Sintering energy conservation in extrusion-based 3D printing of porcelain ceramics blended with copper and allied alloys: A sustainable approach

Abstract

This study investigates the use of copper particles in porcelain ceramics for reduced sintering temperature effort as a part of a sustainable environment. Porcelain powder is mixed with 10 wt% copper powder, 25.3 wt% water, and 12.6 wt% ethanol, and the rheological characterization is made. The rheological characterization of the initial slurry and the phases that evolved during sintering at various temperatures were studied. With suitable rheology of slurry, prototype parts are manufactured by 3D printing. The length-to-diameter ratio of the nozzle, stand-off distance, and type of underlying substrates are also observed to influence the printability. The sintering is performed in the temperature range of 500 °C–1200 °C. The sintered parts were characterized for various phases in the selected temperature range.
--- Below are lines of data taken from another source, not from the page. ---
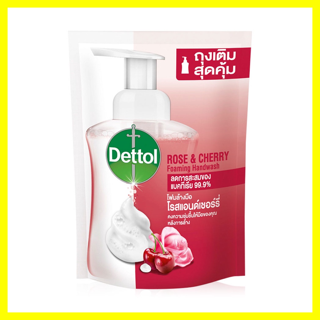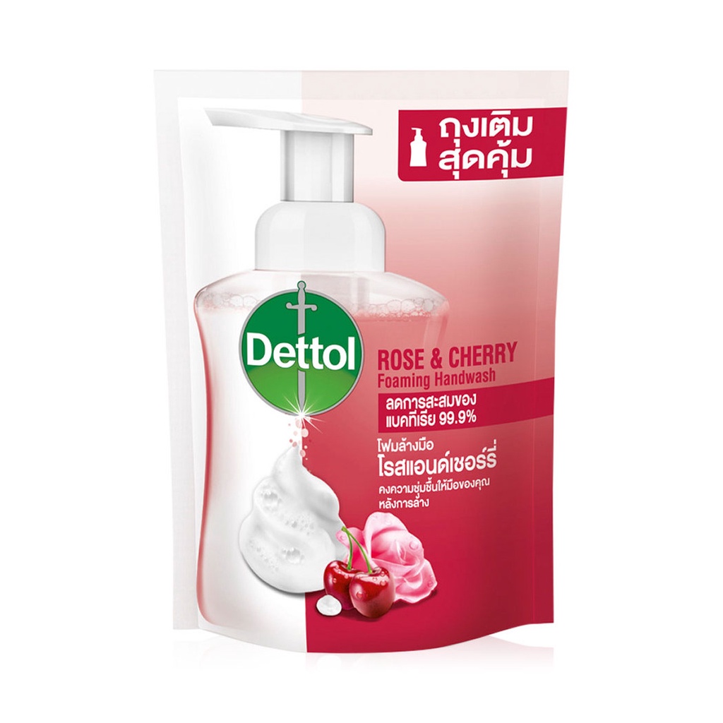 Dettol Foaming Hand Wash Rose & Cherry Refill 200mlโฟมล้างมือแบบถุงชนิดเติม สูตรโรสเชอรี่ ช่วยให้มือสะอาดอย่างมีอนามัย ดูสุขภาพดี ด้วยเนื้อโฟมอ่อนนุ่ม กระจายตัวได้อย่างทั่วถึง เเละชำระล้างและลดการสะสมของแบคทีเรีย 99.9% พร้อมช่วยให้มือของคุณนุ่มนวลเเละสะอาดตลอดวัน• ช่วยให้มือสะอาดอย่างมีอนามัย ดูสุขภาพดี
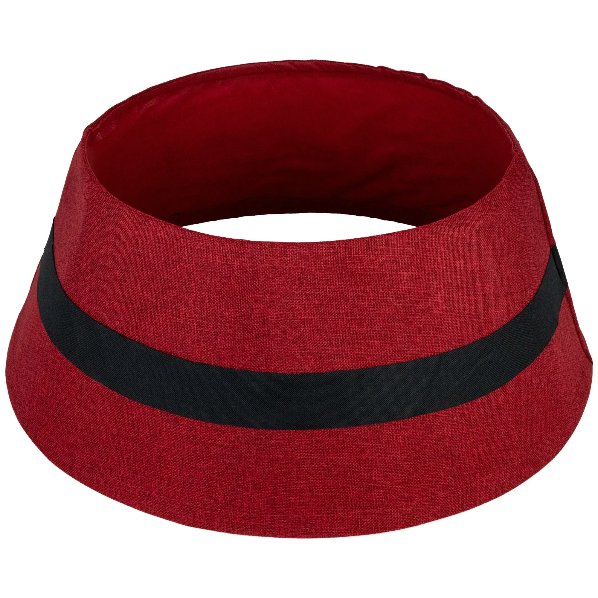 Create a unique look this season, with this twist on Santa's suit as a Christmas tree collar. Featuring his iconic belt. Unlike a traditional tree skirt, it stays put, neat and tidy. It covers the unsightly tree stand without having to reposition. The perfect accessory for the curated, holiday home.
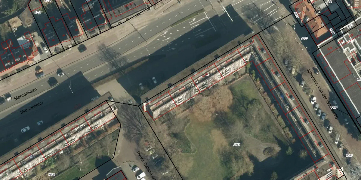Het perceel waarop Marconilaan 63 staat heeft een oppervlakte van 7403 m². Dit is een zeer groot perceel. De perceeloppervlakte wordt geregistreerd door het Kadaster. Gedetailleerde informatie over de maten van dit perceel kunt u vinden in het rapport Kadastrale kaart met maatvoering van Marconilaan 63.
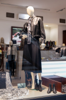 Jako malou ochutnávku jara už nyní připravujeme rovné širší košile, které skvěle fungují navrstvené přes jemný top. Mým favoritem je model od Peserico. Perličky podél límečku nejsou jen krásným detailem, ale mají i svou funkci, límeček díky nim perfektně drží svůj tvar a krásně rámuje obličej. Trendem letošního jara jsou kalhoty Cambio s grafity potiskem.
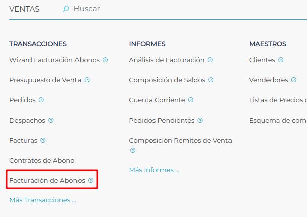 El siguiente paso es devengar las cuotas correspondientes para cada cliente. Para ello, se corre el proceso de “Facturación de abonos”. Para ello se debe ingresar a Menú → Gestión empresarial → Ventas → Transacciones → Facturación de abonos.
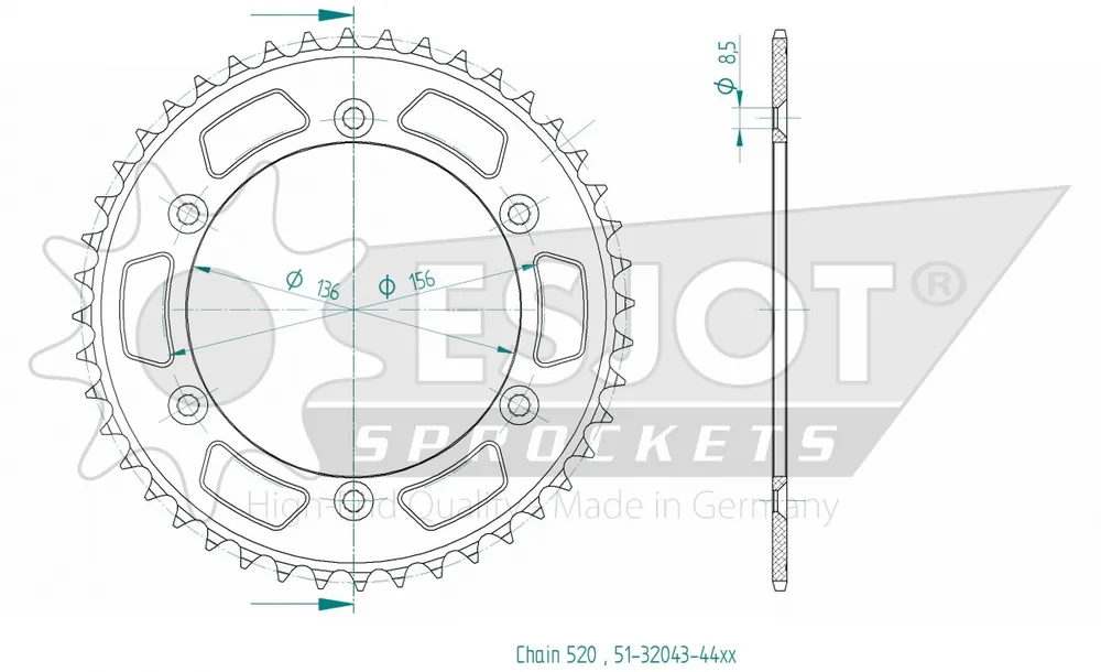 De ESJOT REAR ALU 44T, 520 sprocket is een hoogwaardige achtertandwiel, ontworpen om optimale prestaties te leveren voor jouw motor of scooter. Dit onderdeel is vervaardigd uit aluminium, wat zorgt voor een unieke combinatie van lichtgewicht en duurzaamheid. Dankzij het intelligente ontwerp is het een uitstekende keuze voor zowel dagelijkse ritten als voor meer uitdagende ritten.
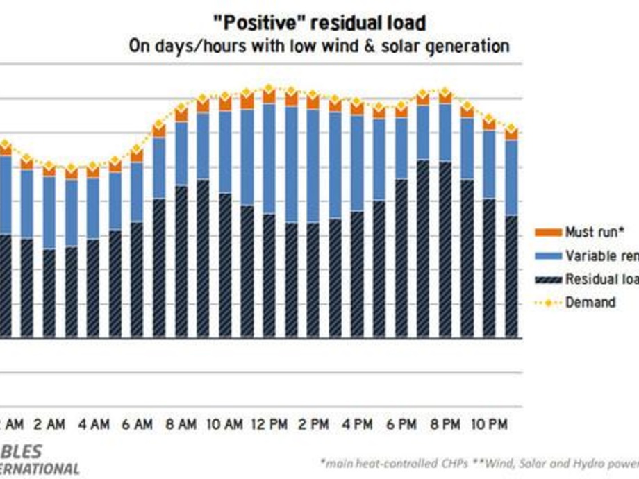 Whenever renewables like wind and solar produce less electricity than the current demand, the residual load is thus "positive". This is (still) the typical day-to-day reality of our current electricity supply. How can it be covered?
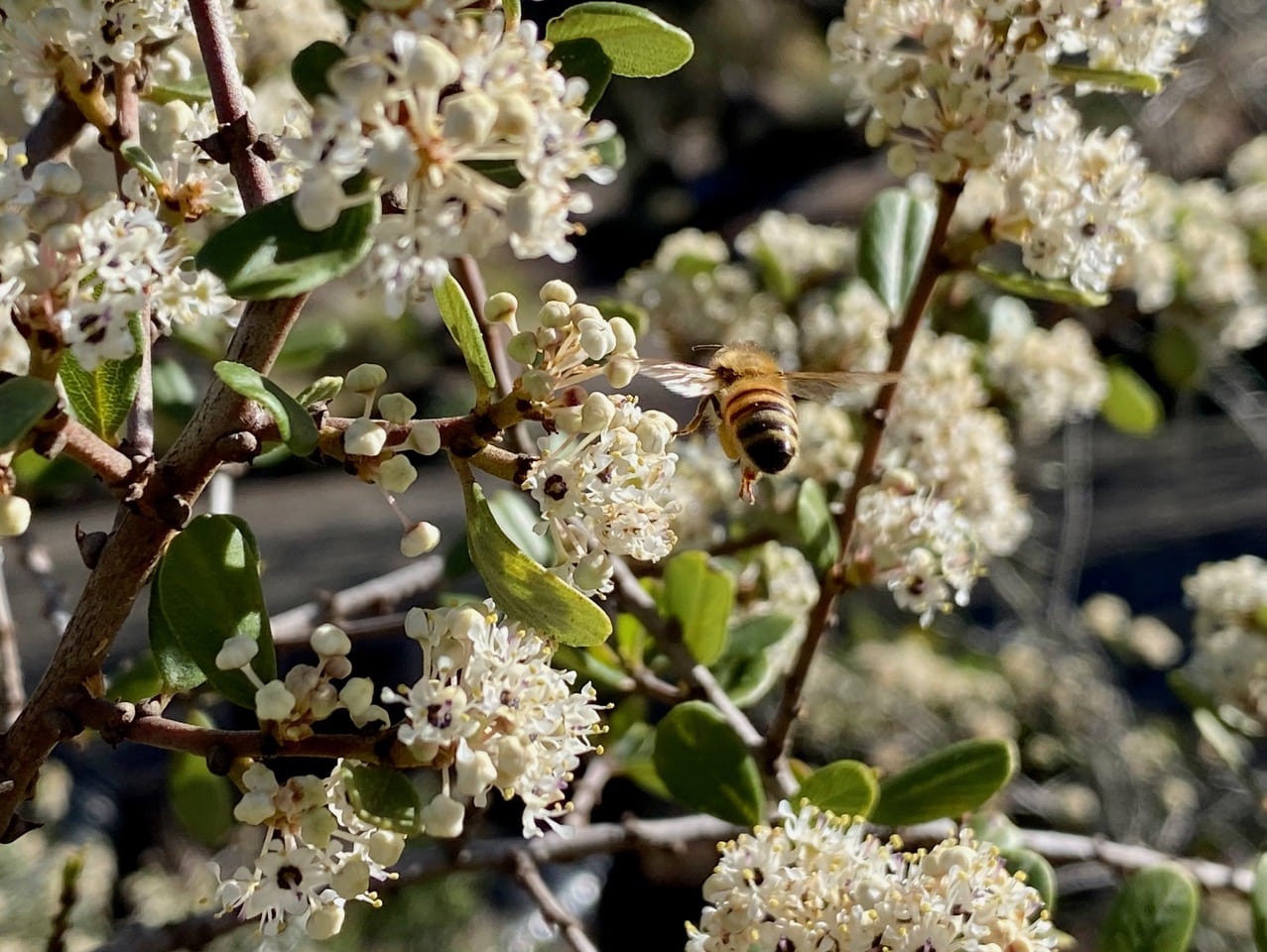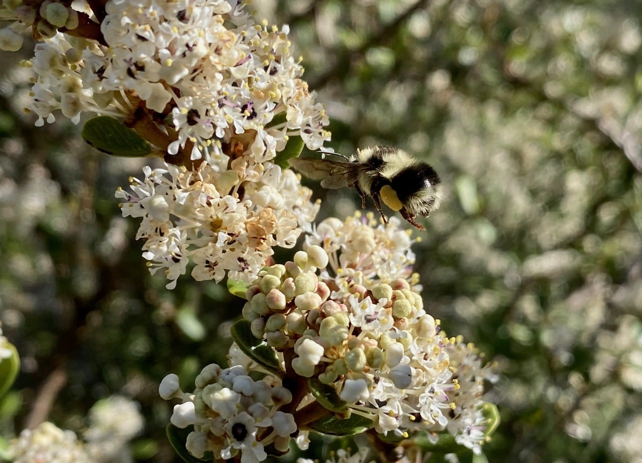 A new species of Ceanothus has come into bloom in the garden – the Buckbrush, Ceanothus cuneatus. The scent from its white flowers are intoxicating, and small worker Black-tailed Bumble bees, Bombus melanopygus (family Apidae) swarm over the blossoms with gusto.

In addition, a study was conducted to find sintering temperature variation with the percentage of copper addition made by mixing brass and bronze with multiple compositions of zinc and tin, respectively. Once the standards are established with copper in a research-based printer, porcelain with other elements is printed on a bulk printer, ensuring repeatability. The retention of natural binder kaolinite at various temperatures is also verified. This study also opens a new dimension for sustainable multi-material ceramic 3D printing with increased solid loading at ease with required customization. The results showed that adding copper particles to the porcelain powder reduced the sintering temperature by up to 200 °C. The study concluded that adding copper particles to porcelain is a promising method for sustainable 3D printing of ceramics.